I am having some troubles. Please help?

Question

determine which two equations represent parallel lines.
a.) y=5/9x+2
b.)y=9/5x+5
c.)y=9/5x-5
d.)y=-5/9x+5
I think that it is c and d but I keep getting cought up and cannot work the problem all of the way through.

Thanks for the help!!!!!!

Answer 1

Parallel Lines have equal slopes.
These four equations are in the slope-intercept form y = mx + b, with m being the slope

So look for two equations with the same m-value in front of the x

Therefore, you'll see that b. and c. are parallel.

Answer 2

All the equation use this formulae :

y=mx+c, where m is the slope/gradient of the equation. To determine which is parallel to another equation, the m MUST BE THE SAME!!!

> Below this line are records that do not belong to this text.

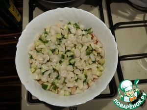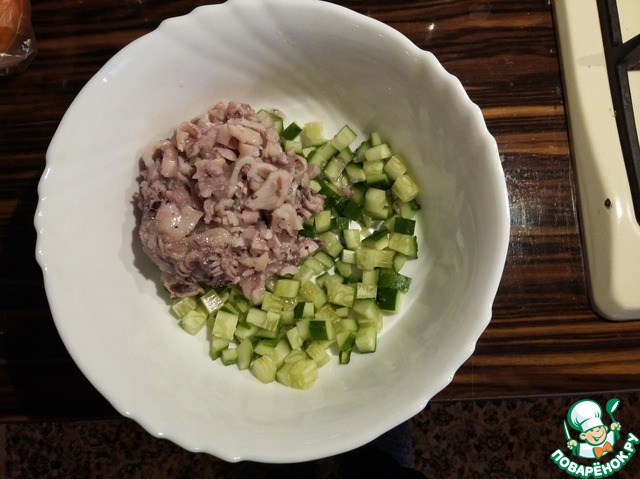 • Огурцы выкладываем в салатницу нижним слоем и на них выкладываем слоем каракатицу, порезанную примерно тоже 1 на 1 см. Заправляем равномерно 1 ст. ложкой заправки.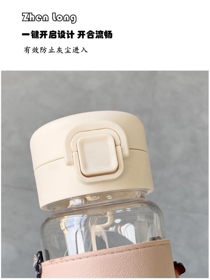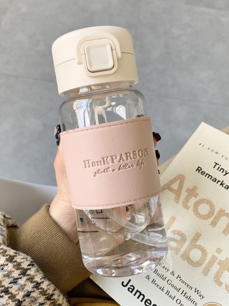 플라스틱 높은 색상 가치 사이버 인기있는 바운스 뚜껑 흡입 튜브 컵 남성과 여성 학생 커플 컵을위한 가죽 커버 안티 스케일 워터 컵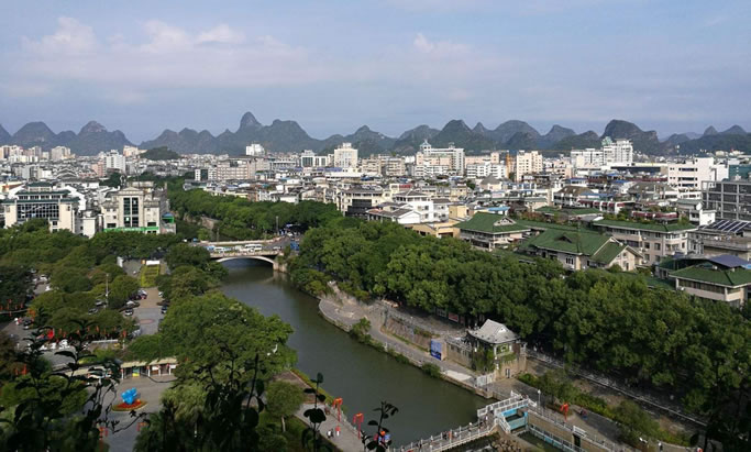 水文 象山區(qū)主要有漓江、桃花江、相思江、寧遠(yuǎn)河、南溪,以及杉湖,是桂林市“兩江四湖”環(huán)城水系工程、大型旅游景區(qū)重要組成部分。此外,在溶蝕、沖積平原中還分布著一些大小不一的河流、湖泊,如由萬福潭沿上月山、佛殿村流入相思江的佛殿河,由芬塘村經(jīng)桂林市園藝場(chǎng)流入相思江的牛過河等。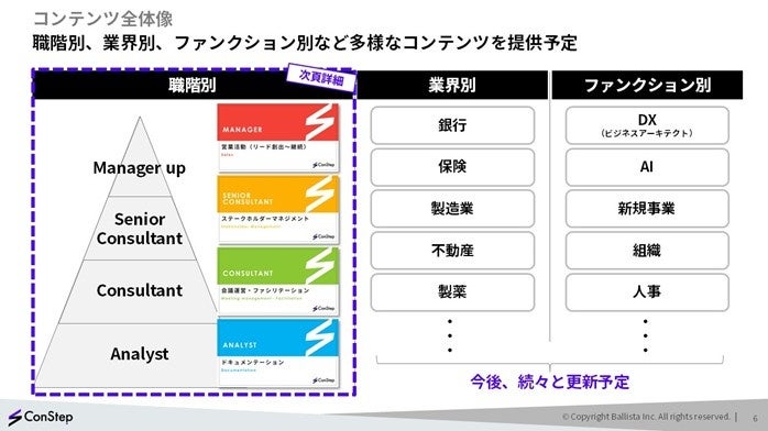 今後、Ballistaは「ConStep」を通じて、企業内におけるコンサルティング機能の内製化と高度化を支援していきます。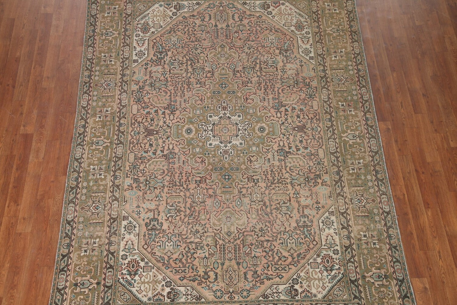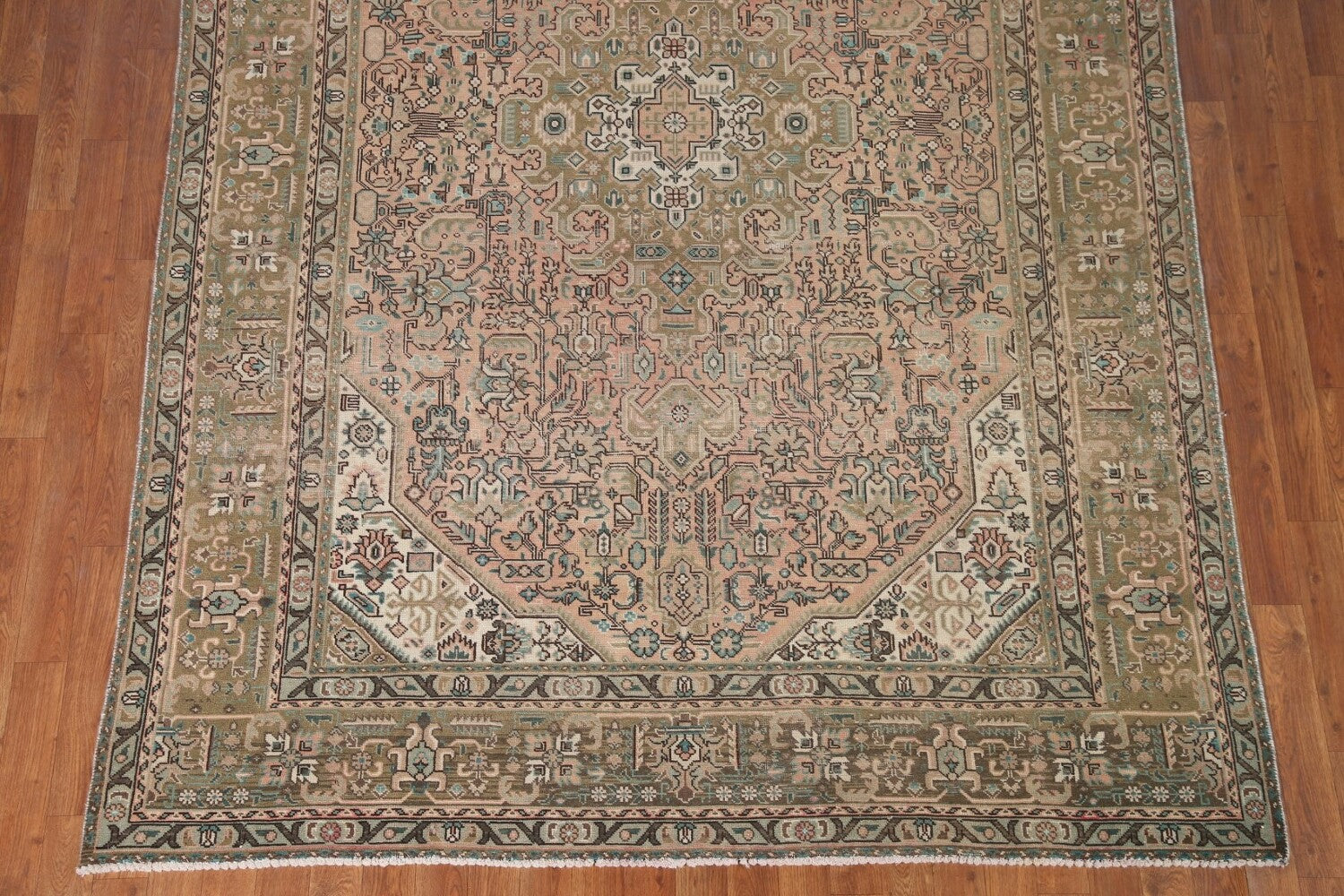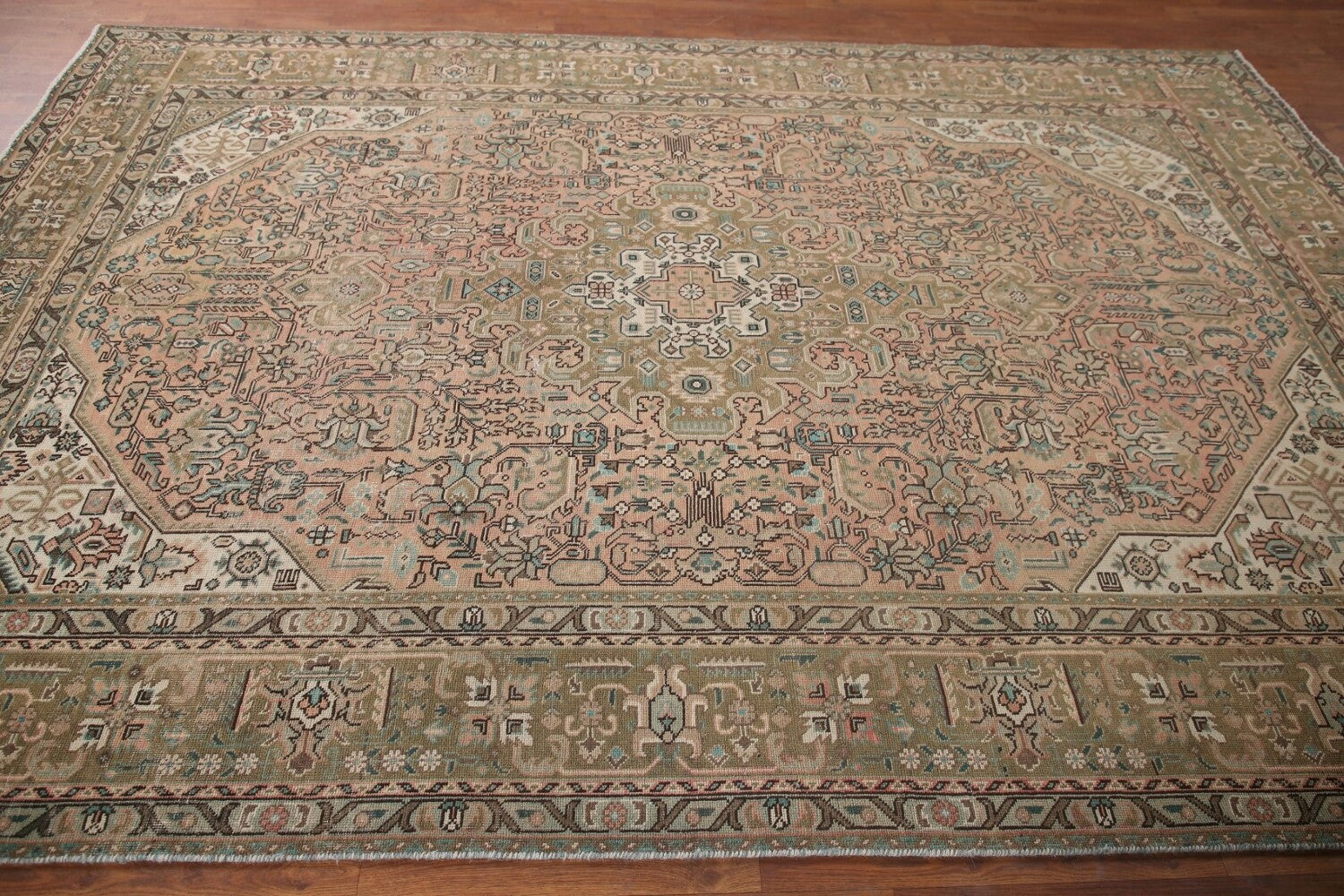 A Beautiful Genuine Persia ( Persia ) Tabriz rug is Hand Knotted by skillful weavers in Persia ( Persia ) with 100% Wool Material. This rug is in Very Good (Evenly Low Pile) condition. dimensions are 9' 5'' X 6' 4'' in foot and 287 X 193 in centimeter. the primary color is Pink.

So, the m of the equations are :
a)5/9
b)9/5
c)9/5
d)-5/9

Thus, b) is parallel to c).

No working is needed!!!

Answer 3

Parallel lines have equal slope determined by the constant that multiplies x. In your case b. and c. have equal constant 9/5 so they are parallel.

Answer 4

the fomula for a linear graph is y=mx + c. m is the gradient and c is the y intercept. for the 2 graphs (lines) to b parallel, they have to share the same gradient. the answer is b and c, as their gradients are the same - both 9/5.

Answer 5

the parallel lines have sme slopes.so b and c is ur answer where m,slopei.e.,9/5 is same. the parllel lines differ only by their y intercepts.

Answer 6

Yeah. band c. The equations are already in slope-intercept form. Only difference are the y-intercepts.

Answer 7

In addition to the previous comments, note that perpendicular lines have gradients that multiply to -1. So c and d are in fact perpendicular (as are b and d).

Answer 8

b and c... one is subtract the other add... lol: but its b n c

Answer 9

c and b